It's not that the smoky "ugly" Nezha is the real light of national comics. The light of national comics is not the image of good or bad characters, but the plot, production, animation, and other aspects of a movie that make it a good movie.
A good movie can't be made without a rigorous team, and Nezha is a team led by its director Dumpling, who has strict character design requirements. In order to present the "new" Nezha more perfectly, director Dumpling has gone to great lengths to rewrite the entire image of Nezha on the basis of the nearly completed film, which has resulted in the new Nezha, who is now "unrivaled" in the world. Secondly, The choice of shots was a matter of excellence. There were more than 5,000 shots designed for the early stages of the movie, and in the end, less than 2,000 "selected" shots were presented on the big screen.
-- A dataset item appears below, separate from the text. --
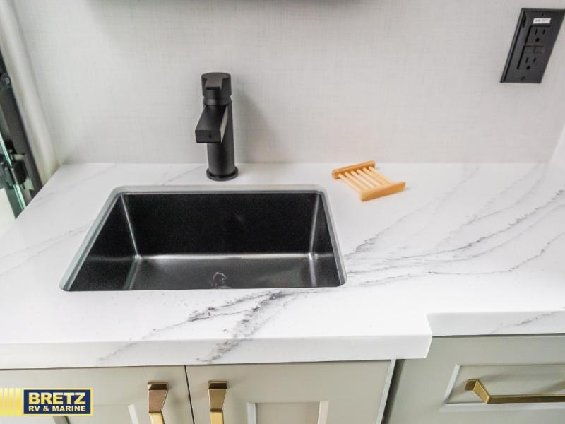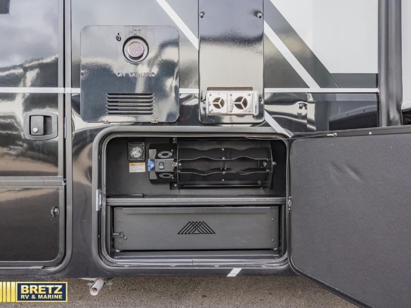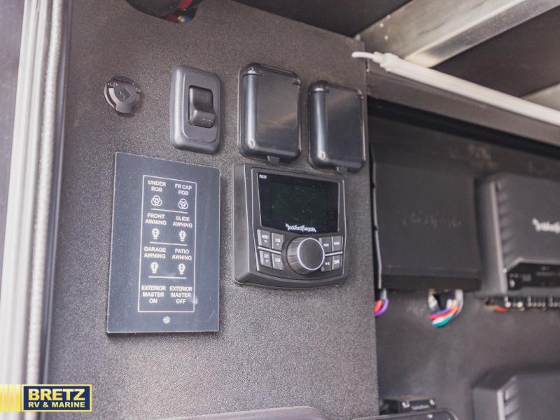With any Model G toy hauler fifth wheel by Brinkley you will enjoy luxurious amenities, tons of storage space, and innovative features that have been developed and tested in the real world. Durable construction includes an industry leading PDI process, an industry best insulation package, and reinforced and walkable slide roofs. Some of the exterior features you'll find are a 3-way pass-through with a multi-functional flip-up bulkhead wall, under I-beam storage, a MAX-Vision reverse lighting system, and a low-maintenance roof to name a few. A Rockford Fosgate audio system comes standard, along with a OneControl app system that lets you control your fifth wheel's functions right from your mobile device. You will find the solar system with a designated storage area to be ultra convenient, plus there is a FlexPower 5500 with a dual fuel inverter generator for all your power needs. Head inside to find a residential interior with Brinkley's CraftSense wood trim construction, floating entrance steps, integrated window screens and insulated blackout blinds, and residential solid surface countertops plus backsplash. You will also enjoy the neon shower lighting and recessed medicine cabinets in the bath, plus motion activated LED bed lights and dual bedside outlets in the bedroom. Choose a Model G toy hauler fifth wheel to experience all the luxury it has to offer!

For the half of the footage that was "abandoned", director Dumpling said, "Every effort will not be in vain". Thirdly, the detail control is very strict. Under the director's strict requirements, all the main characters in the movie have nearly a thousand detail points on their faces alone, and strive to make the characters' expressions more expressive. It is these seemingly "superfluous" efforts that ensure the quality of the final movie.
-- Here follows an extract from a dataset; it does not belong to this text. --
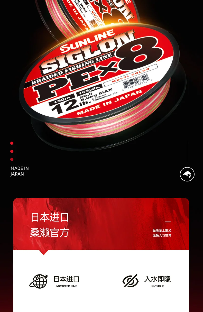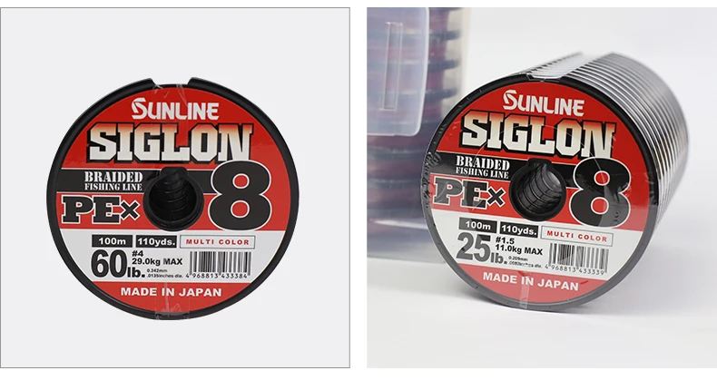 SIGLON-sedal de pesca trenzado, japonés, original, SUNLINE, PE, señuelo, hilos X8, trenzado, multicolor, alambre tejido, 100m por bobina

Ne Zha in the movie has turned the audience's previous impression of Ne Zha upside down, and has transformed into an evil monster. This is a novel and unconventional setting for the movie. As the "cheapest and baddest" Ne Zha in history, he seems to be taking on all the injustices that fate has thrown at him, "If the world says that everything is predestined, then fight, break, and overcome.
Ne Zha, a mythological character known to children as young as three years old, would have been difficult to match if the film had been made in its usual mode, no matter how many laughs were laid out or how well the special effects were done. "The first time I've ever seen a movie, I've seen it in a lot of different ways. Na Zha's Magic Child's Descent is excellent in the sense that it uses modern aesthetics to make a very stylized trade-off, with a New Age aesthetic embedded, broken and then established.
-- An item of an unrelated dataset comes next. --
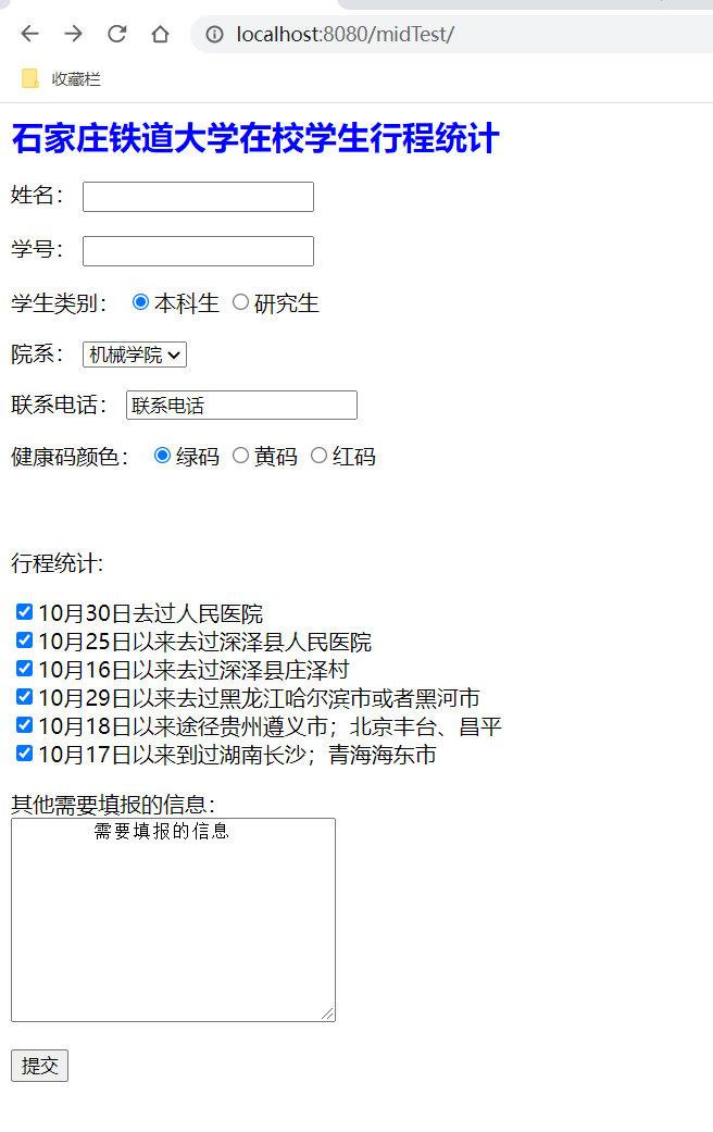 ①完成石家庄铁道大学在校学生行程统计页面(未完成0分,完成2分);

Many of the details also show the influence of Stephen Chow's no-nonsense style of painting, and the director himself admits that he grew up watching Hong Kong movies and doesn't shy away from being inspired by them. Whether you interpret this aesthetic in this animation as "absurd," "nonsensical," or "ugly," you have to admit that "Ne Zha" has stepped outside of the box and accomplished a new style of
More importantly, the film is a good example of the kind of work that can be done.
More importantly, the movie accomplishes a new type of character relationship based on the old one.